*Source data*:
::::

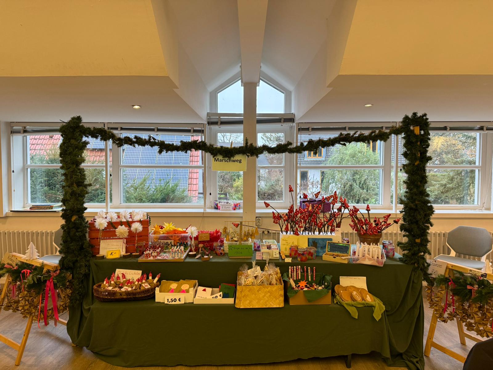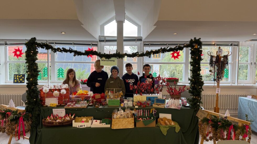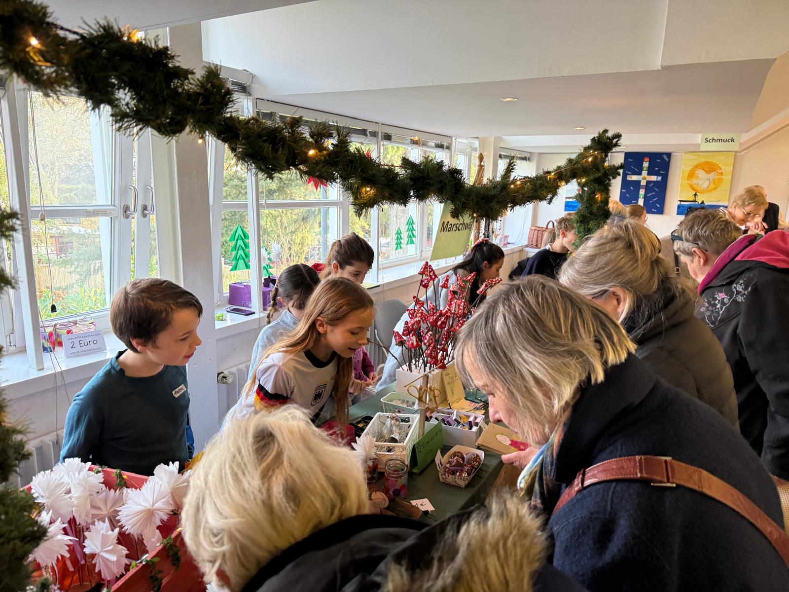 Am 1. Advent nahmen die Viertklässler unserer Grundschule auch in diesem Jahr wieder am Weihnachtsbasar der Rissener Kirchengemeinde teil. Mit großem Engagement verkauften sie dort selbstgebastelte und selbstgebackene Kleinigkeiten, die zuvor in der gesamten Schulgemeinschaft mit viel Herzblut hergestellt worden waren. In allen Klassen wurde in den Wochen davor eifrig gemalt, gefaltet, geklebt und gebacken – ein wunderbares Gemeinschaftsprojekt.
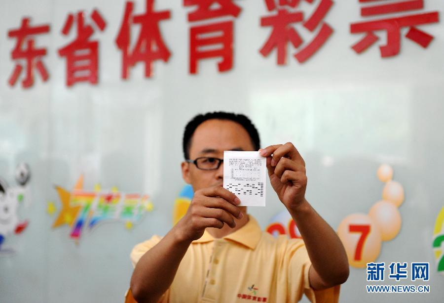 8月11日,在山东省体育彩票管理中心,工作人员展示得4.97亿大奖的彩票。新华社记者 徐速绘 摄 图片来源:新华网
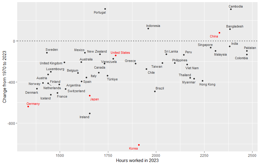 同じデータですが、少し見せ方を変えてみます。横軸に2023年の労働時間、縦軸に1970年からの変化幅をプロットしてみました。
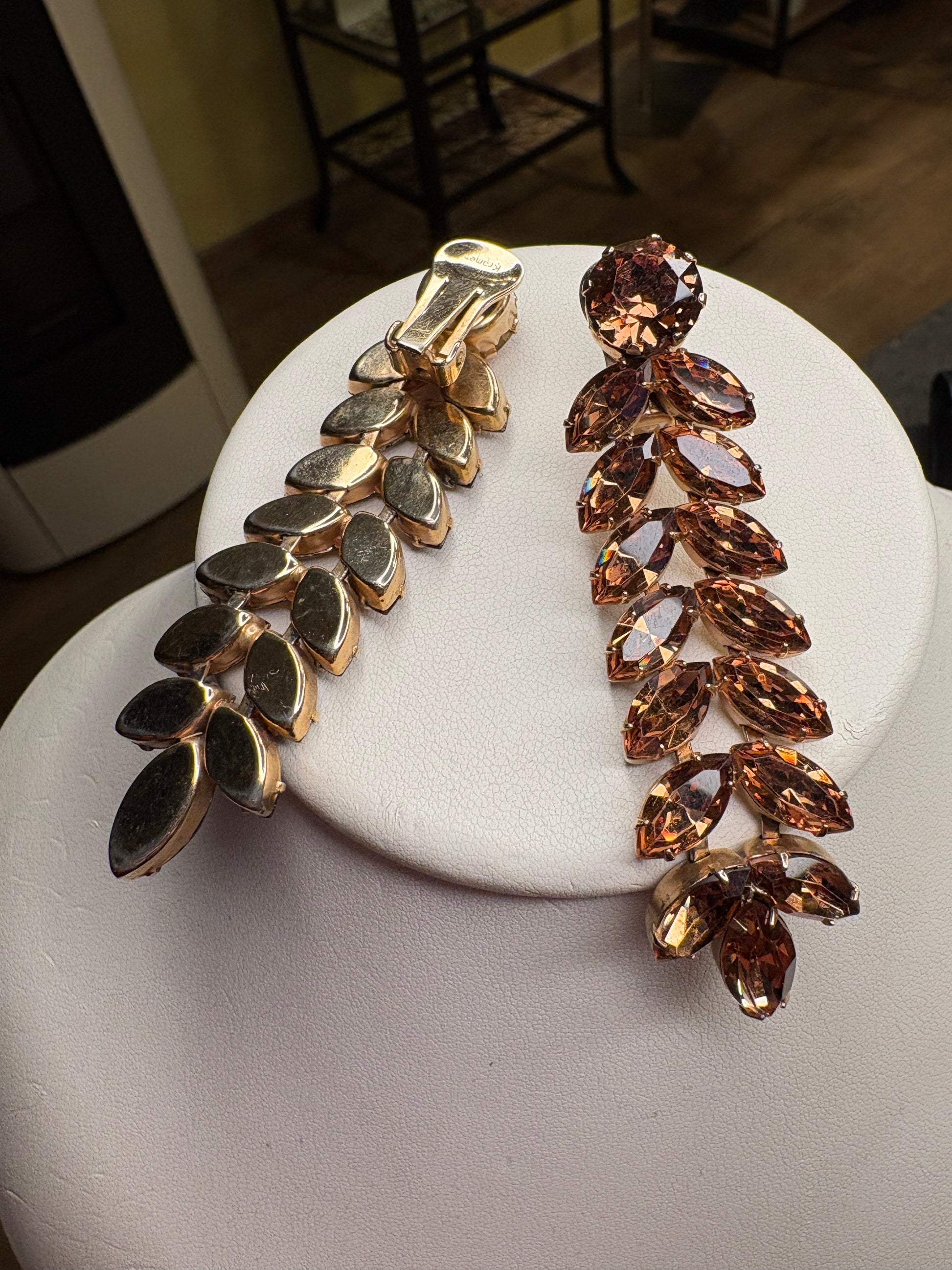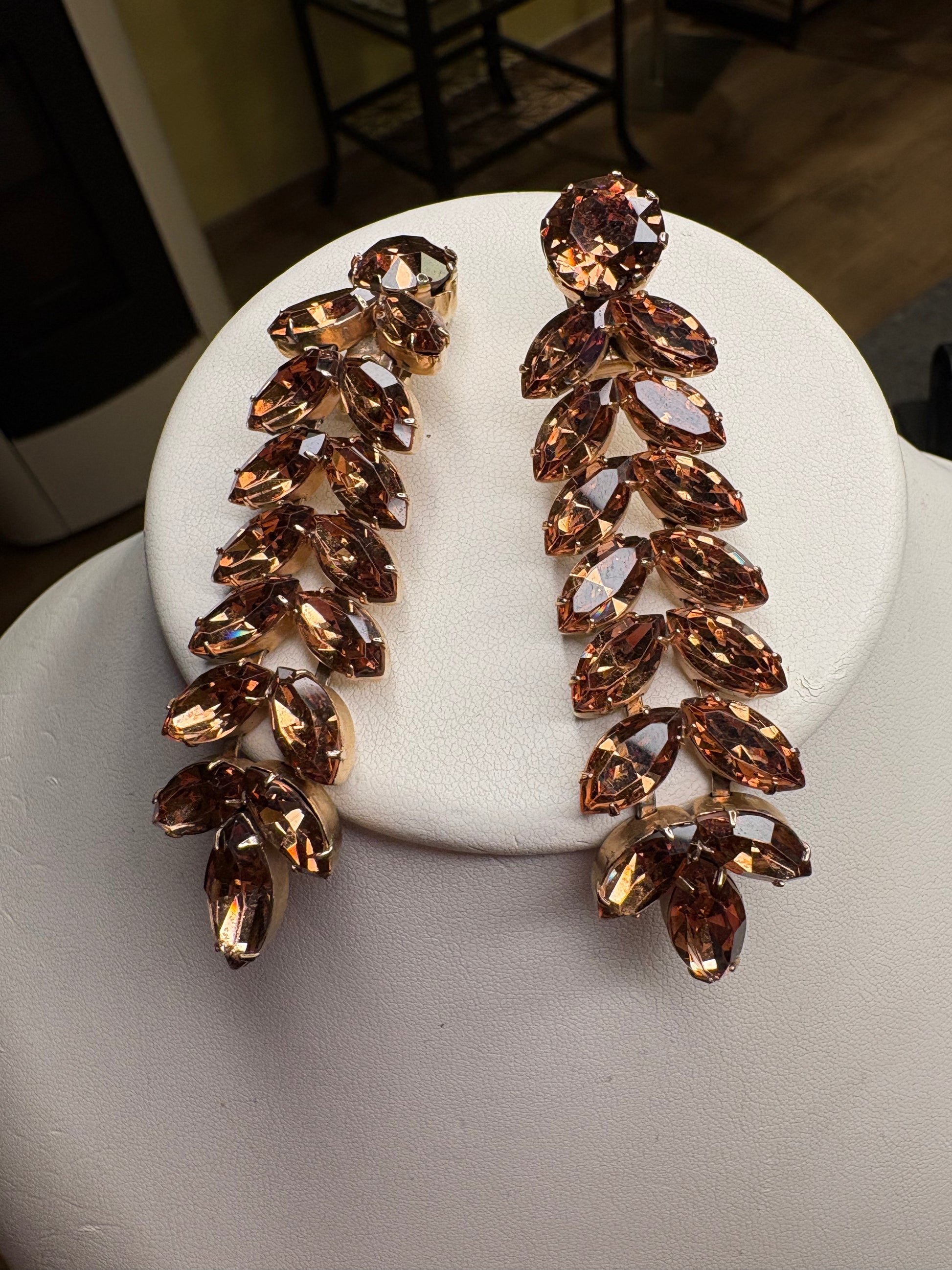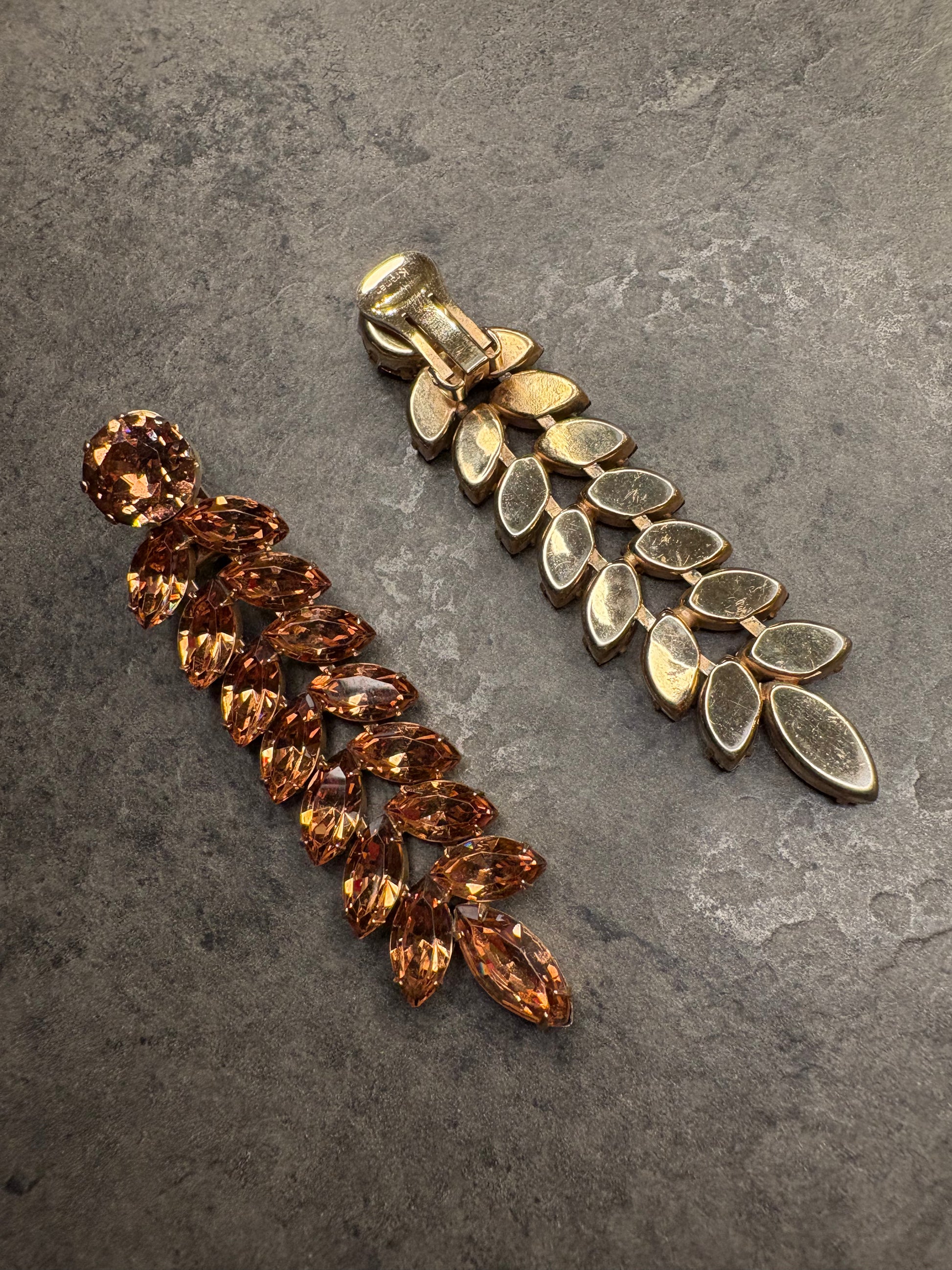 Realizzati in metallo dorato e impreziositi da una cascata di cristalli sfaccettati color topazio, taglio marquise, sono disposti con maestria per creare un elegante effetto di movimento e luminosità.

::::

*Exercise goal*: Your reply should restate the data above word for word and contain no pictures.

*Result*:
 Am 1. Advent nahmen die Viertklässler unserer Grundschule auch in diesem Jahr wieder am Weihnachtsbasar der Rissener Kirchengemeinde teil. Mit großem Engagement verkauften sie dort selbstgebastelte und selbstgebackene Kleinigkeiten, die zuvor in der gesamten Schulgemeinschaft mit viel Herzblut hergestellt worden waren. In allen Klassen wurde in den Wochen davor eifrig gemalt, gefaltet, geklebt und gebacken – ein wunderbares Gemeinschaftsprojekt.
 8月11日,在山东省体育彩票管理中心,工作人员展示得4.97亿大奖的彩票。新华社记者 徐速绘 摄 图片来源:新华网
 同じデータですが、少し見せ方を変えてみます。横軸に2023年の労働時間、縦軸に1970年からの変化幅をプロットしてみました。
 Realizzati in metallo dorato e impreziositi da una cascata di cristalli sfaccettati color topazio, taglio marquise, sono disposti con maestria per creare un elegante effetto di movimento e luminosità.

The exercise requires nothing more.